In my work with families of special needs children, I usher you away from the dominant culture of evaluation so you can embrace your very special children unconditionally, exactly as they are. I can also work with you to address challenges that arise when parenting more than one child, the complexity of sibling relationships, and ways to care for yourself so you can be the parent you need to be for all your children.


With self care, we establish a practice of regularly connecting with our body, mind and soul, replenishing our “internal well”. This gives us the resources to parent more authentically and from our center. Self care can be practiced in a variety of ways, depending where we are in the parenting journey.  When there are young children to care for, self care might mean getting away for short periods of time to ground yourself. At other times, we may have the energy to do the things we love, be creative and learn to be more compassionate toward ourselves. Still other times, we may do things that fill our soul with delight (what I call soul care). No matter where you are on your self care journey, you are developing the capacity to thrive, regardless of outer circumstances. 


Most of us never learned to set healthy boundaries. Based on our own childhood experiences with our caregivers, we may associate boundary setting with an authoritarian/hierarchical model of parenting that depends on command and control. And yet we know that effective boundary setting is a critical aspect of our own parenting.


I work with families to help you set clear boundaries from a place of inner knowing that creates enormous opportunities for deeper connection with our children. To prepare for this shift, we must first get clear on what we need (our “non-negotiables”) to stay present, connected and nourished in our relationships with our children. With this clarity, we can hold firm limits in loving ways that are grounded in our inherent sense of worth. This creates safety in our household and empowers our children to explore who they are within a healthy container. 


Almost every home in America with children under the age of eight uses mobile devices, televisions and personal computers.  While technology can serve us, over exposure to screens can have a negative impact on the cognitive and emotional development of our kids. It can also delay language development in toddlers and impair social skills.  I teach parents to empower your children around screen time decision-making, giving them the autonomy and power to make good decisions for themselves.


For many families, the teenage years are marked by stress and anxiety. As parents, we may struggle when our children--once compliant and sweet--begin to speak up for themselves in new (and surprising) ways. Sometimes overnight, we are knocked off the pedestal in the eyes of our children, who no longer depend on us to meet their every need. This blow can feel like a huge loss. 

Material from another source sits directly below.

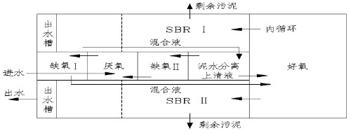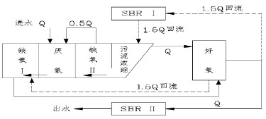 運行過程中,污水首先進入厭氧池,與來自泥水分離池、并經缺氧池Ⅱ反硝化后的混合液混合,使聚磷菌在此充分釋磷,然后進入缺氧池Ⅰ繼續進行反硝化。反硝化后的混合液進入好氧池,完成有機物去除、硝化和聚磷菌的攝磷等功能,比較后混合液進入SBR 池Ⅰ或SBR 池Ⅱ,在此進行比較后的處理及泥水分離,并排出澄清出水(如圖2 所示) 。除兩個SBR 池外,工藝中其余各池均處于恒水位、連續運行的狀態,其運行操作方式基本固定。而對SBR 池而言,當其中一個SBR 池作為比較后處理工段時,另一個SBR 池則在1.5Q 的回流量(至泥水分離池) 的條件下以硝化、反硝化的模式運行或進行靜止預沉淀。運行期間始終進行污泥回流,并首先進入泥水分離池分離濃縮,上清液進入好氧池,濃縮污泥進入缺氧池Ⅱ,進行反硝化,并消耗掉污泥中DO 和硝酸鹽,為隨后在厭氧池中的釋磷過程創造有利條件。

Because our teenage years feel closer to our own memories than the younger childhood years, we may think we know what is best for our teens. The stakes of parenting may also feel higher during the teenage years because they mark our last chance to exert influence over (aka control) our kids before they face the world on their own. 


When we approach this transition from a place of fear, we seek to control our children and limit their choices. Assuming we know what’s best can create disconnection and resentment. In addition, we may miss important opportunities to engage in dialogue with our teenagers about what they need from us, which in turn creates deeper connections. 


When we are able to shift our definition of connection (even as our children begin to spend more time in their bedroom, with friends and away from the family unit), we lay the groundwork for a solid relationship with our children during the adult years. By keeping our gaze turned inward, we can also observe the places where we’re still seeking to control our children and identify opportunities to step back in our parenting, which allows us to see our kids challenge themselves, fail, and grow.


I work with parents to create new ways to connect with your teenagers based on self awareness.